Look closer. Everything is not as it seems at Oakmont for the U.S. Open. (Brandon Tucker/GolfPublisher.com)

You think you know ... 2007 U.S. Open at Oakmont is full of conspiracy theories

Brandon TuckerBy Brandon Tucker,
Managing Editor

Phil Mickelson faking his wrist injury and Michelle Wie in the field ... just two of many things you're not being told at golf's 2007 U.S. Open at Oakmont.

OAKMONT, Pa. - Beware, golf fan. What's been reported at the U.S. Open is hardly as transparent as it seems.

The Dr. Pepper in the press tent has tasted a bit off all week, probably because it's laced with a type of serum that prevents golf writers from being their usual inquisitive selves.

Luckily, I think I'm the only writer here immune to its truth-numbing effects.
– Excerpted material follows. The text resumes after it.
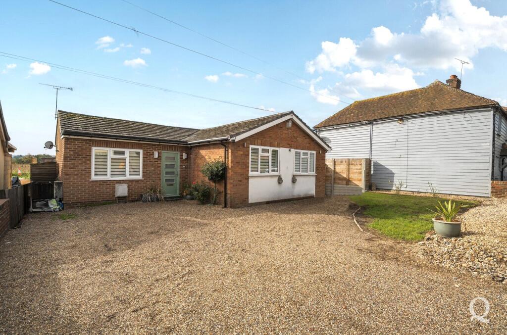 This is a three-bedroom bungalow on Keycol Hill in Bobbing, near Sittingbourne. The property benefits from modern interior finishes and a well-maintained exterior, suggesting recent renovations. It features a decent-sized garden and a driveway. The location offers a mix of rural and suburban living, with proximity to transport links and schools, though not within immediate walking distance of extensive amenities. The price per square foot is slightly below the area average, making it a reasonably priced property.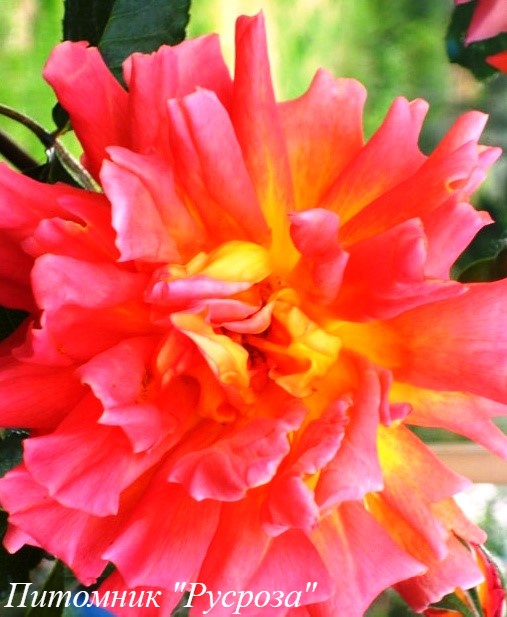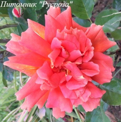 Цветок: оранжево-желтый с розово-коралловым оттенком, при полном распускании становится оранжевым, чашевидный, с высоким центром, махровый, 25 - 40 лепестков в одном цветке, диаметр цветка 8 - 10 см, обладает насыщенным ароматом.

This stems from my days working the wire for the Soviet Golf Federation during Khrushchev's rule.

I've been snooping around a little bit in the locker room (think what Ian Poulter wears on the course is out there; you should see his skivvies) and have found plenty of dirty undercurrents nobody wants you to know about at the Oakmont Country Club this week.

Conspiracy theorists, get to your blogs. Here is the truth no one wants you to know at the U.S. Open this week:

• The big story at the Oakmont Country Club of course is Phil Mickelson's wrist injury.

Too bad he's really faking it. This devious plan was conceived during his long vacation in the winter as a plan to deflect questions about his Winged Foot collapse last year. His brace isn't protecting the wrist so much as it serves as a blinder to the media, which have been distracted into only asking him about his health and not his head.

The rabbit hole goes even further. Muscleman Jim Anderson, seen hanging around the driving range all week isn't even a trainer at all. He was hired by Butch Harmon to keep an eye on Mickelson and body slam him if he tries to sign any autograph with his bad right wrist this week.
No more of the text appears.